Consider Candidates’ Professional and Personal Needs

As much as the job needs to be a good professional fit for the candidate, the community needs to fit the candidate, their scholarly interests, and their families. Consider providing candidates with a list of active community-university partnerships — schools, non-profits, local employers, government offices, and study abroad programs — where the prospective hire might advance their research or design innovative experiential learning courses. Demonstrate to the prospective hire the full array of opportunities available to them at your college.

Faculty retention begins at the recruitment stage — distinguish your institution by identifying and addressing needs beyond professional responsibilities. Provide candidates the chance to meet with a faculty resource officer, an individual with no responsibilities in hiring decisions who serves as a confidential resource to answer candidates’ questions and serve as a point of contact about campus culture and area resources. There are a wide range of questions that factor into a candidate’s decision about where to work and live — from how accessible the nearest airport is, distance to the nearest mosque or West Indian grocery store, to whether their child can continue to attend a weekend Chinese language school or participate on a swim team. Creating space to surface questions about local school, employment, worship, food, and services demonstrates care for the candidate as a whole person.

The inclusion of a faculty resource officer shows candidates what their lives might look like in your area and begins the process of building relationships that can strengthen community ties. As Millennial and Gen Z employees place a high premium on work-life balance, help future faculty leaders see that your college is aligned with and attentive to their holistic priorities.

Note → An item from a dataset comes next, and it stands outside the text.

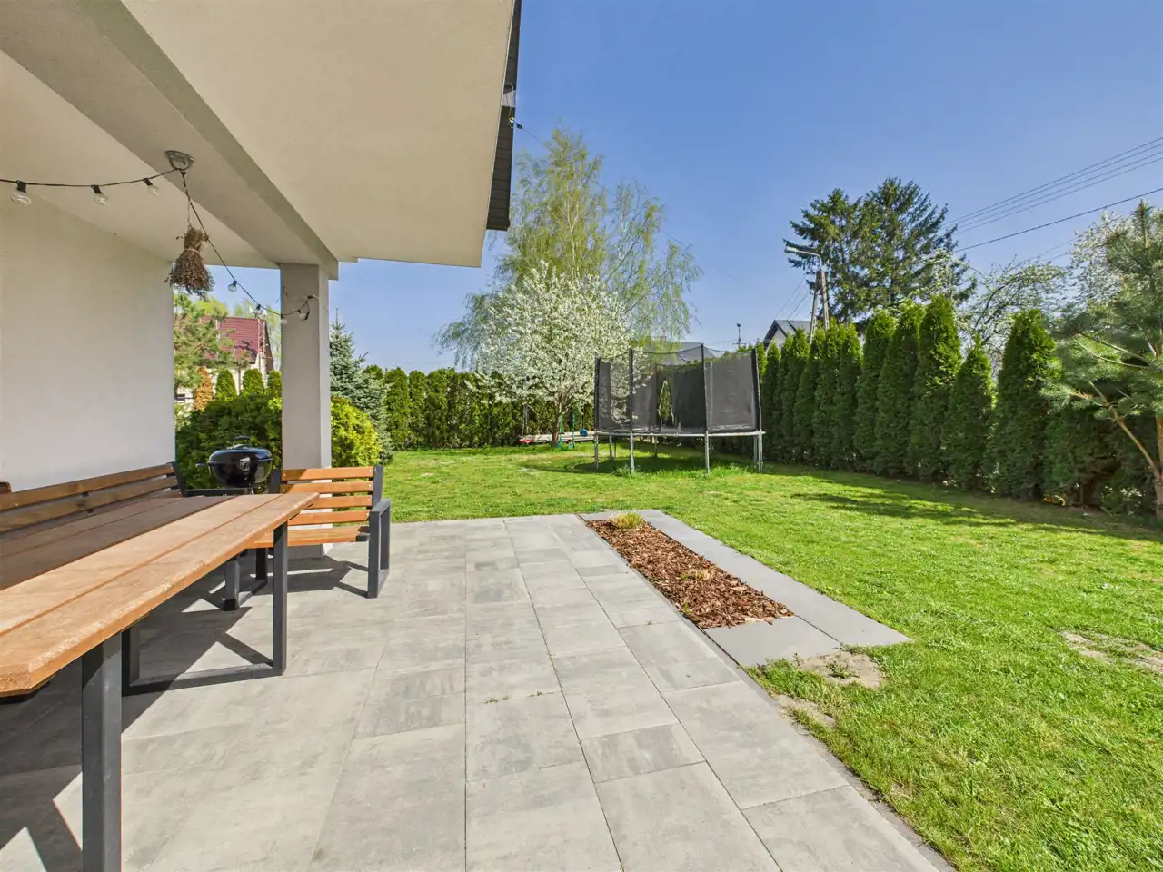 Z salonu wyjście na przestronny taras, z którego wyjdziemy do ogrodu.

Being Sincere Won’t Go Unnoticed

Job seekers are likely to take note when senior leaders take on the unofficial designation of “cheerleader-in-chief.” When deans and provosts speak sincerely — not with inflated or false bravado — about the accomplishments of their faculty, the positive characteristics of campus culture, and a true love for students, prospective hires will recognize a leader capable of investing the same degree of care and pride in them. Expect job seekers to inquire about things like start-up funding and other material support, but don’t discount the intangible benefits of supportive, people-first leadership. A well-designed on-campus itinerary culminating in a conversation with you will show — rather than tell — a candidate you are invested in creating the conditions for their success.

Together, these strategies signal to candidates that your institution is a place where they can engage in meaningful work with visible impact and find a long-term home.